Ringo supports dynamic graphs by representing a graph as a hash table of nodes. Each node maintains sorted adjacency vector of neighboring nodes. Space requirements for this representation are similar to those of the Compressed Sparse Row format. However, we found that representing graphs as a hash table of nodes and the associated adjacency vectors does not dramatically impact the performance of graph algorithms (e.g., deleting a single edge only requires time linear in the node degree).

Ringo graph operations

To provide a rich set of graph constructs and algorithms, Ringo builds on the publicly available Stanford Network Analysis Platform (SNAP) [2]. SNAP provides more than two hundred out-of-the-box graph constructs and algorithms that are available for use on Ringo in-memory graph data structure.

2.3 Tables in Ringo

Table representation

In addition to graph objects, Ringo implements its own native relational table objects to allow for efficient and flexible parallel implementations of operations important for graph construction, to support fast conversions into graph objects, and to avoid any performance overheads related to frequent transitions to and from external systems during the iterative data analysis process. Tables in Ringo have a schema, which defines table columns and their types (integer, floating point, or string). Since tables have been studied extensively [25], we only describe some Ringo specific details here.

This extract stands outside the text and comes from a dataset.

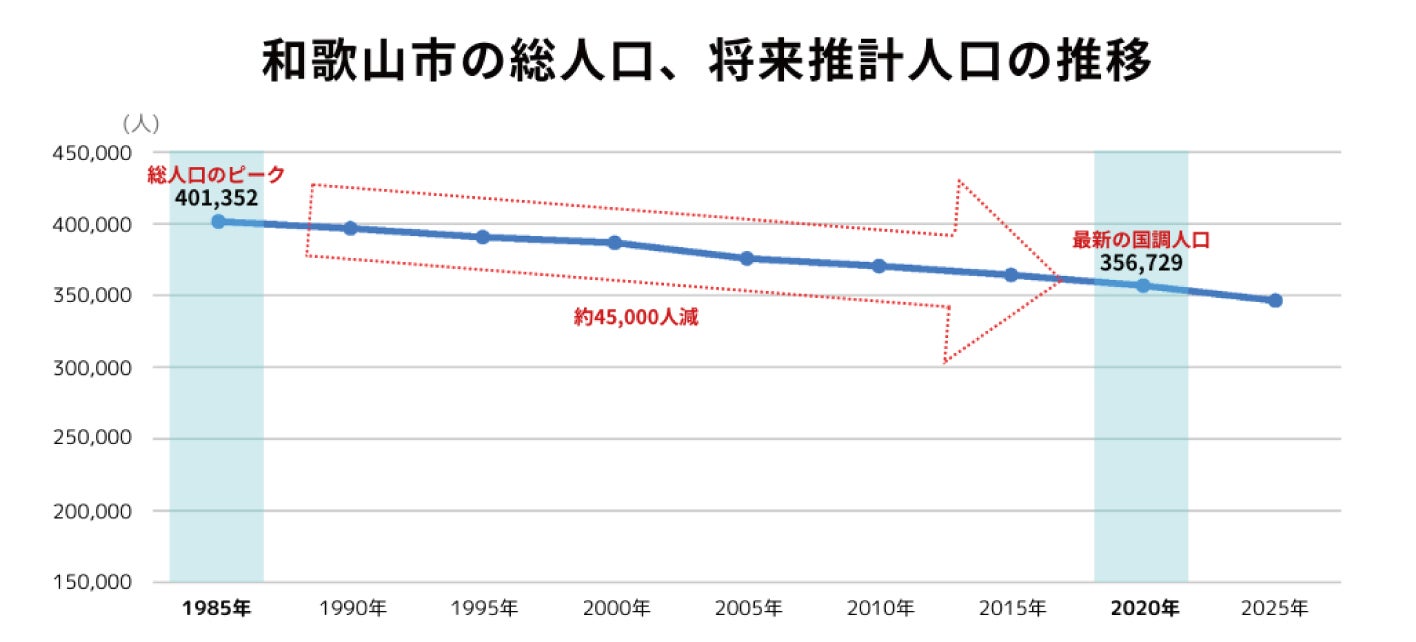 国立社会保障・人口問題研究所の調査によると、和歌山市の人口は1985年(昭和60年)には40万1,352人でしたが、それ以降減少が続き、2020年(令和2年)には35万6,729人となりました。

As most tabular operations in Ringo are graph related and primarily use iterations over columns, Ringo table representation optimizes this use by implementing tables with a column based store. In Ringo each row has a persistent unique identifier. This allows for fast in-place grouping, filtering and selection. Moreover, identifiers allow for fine-grained data tracking, so the user can identify data records even after they undergo a complex set of operations.

Ringo provides basic relational operations on table objects, such as select, join, project, group & aggregate, set operations, order (sort), and similar. In addition, Ringo also provides a number of advanced graph construction operations, described next.

Graph construction

In order to construct a graph, we first manipulate input data tables into an edge table that has two columns, a column with edge source nodes and a column with edge destination nodes. Once the edge table is constructed we transform it into a Ringo graph in-memory data structure.

In some cases, the edge table can be constructed using basic relational operations, such as join and select. However, often graph construction requires advanced operations unique to Ringo. Ringo allows for creating edges based on node similarity or temporal order of nodes. Ringo implements SimJoin, which joins two records if their distance is smaller than a given threshold, and NextK, which joins predecessor-successor records.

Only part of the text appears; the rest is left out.